> _Task directions_
Below are some records. Return exactly the lines from the one containing "Figure 1: Student" through the one containing "The measure underpins", both included, and only those.

Working data: Begin

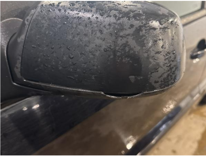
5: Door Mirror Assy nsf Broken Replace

Working data: End
Working data: Begin

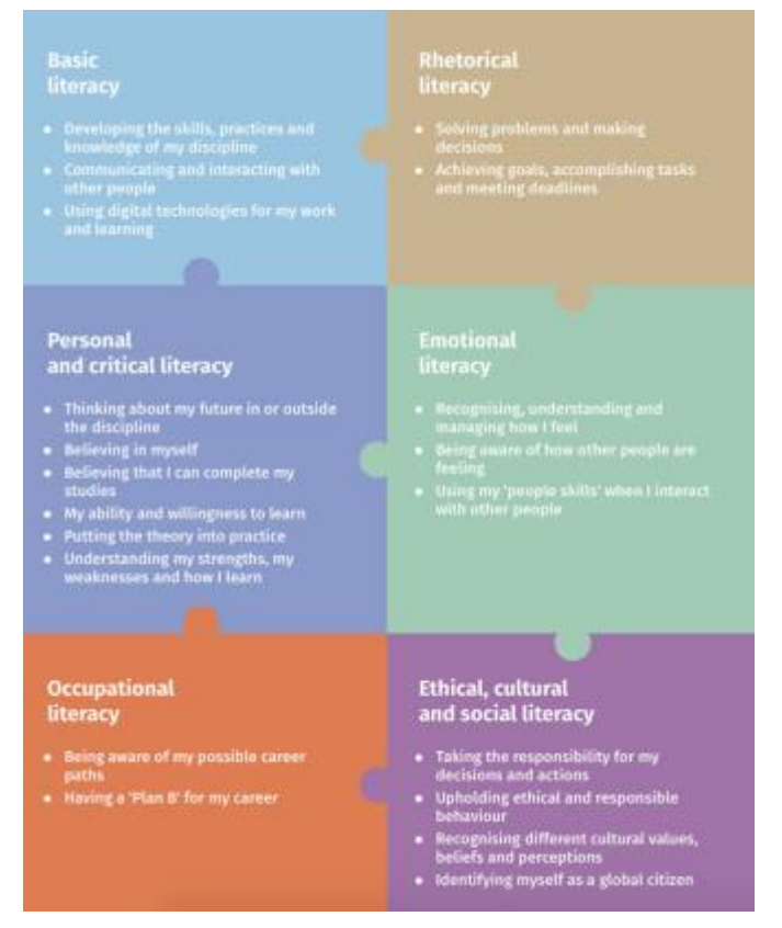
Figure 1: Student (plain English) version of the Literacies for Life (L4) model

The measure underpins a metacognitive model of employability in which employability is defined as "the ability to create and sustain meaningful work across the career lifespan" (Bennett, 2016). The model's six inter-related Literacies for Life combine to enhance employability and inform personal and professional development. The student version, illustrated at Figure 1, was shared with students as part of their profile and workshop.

Working data: End

> _Written answer_
Figure 1: Student (plain English) version of the Literacies for Life (L4) model

The measure underpins a metacognitive model of employability in which employability is defined as "the ability to create and sustain meaningful work across the career lifespan" (Bennett, 2016). The model's six inter-related Literacies for Life combine to enhance employability and inform personal and professional development. The student version, illustrated at Figure 1, was shared with students as part of their profile and workshop.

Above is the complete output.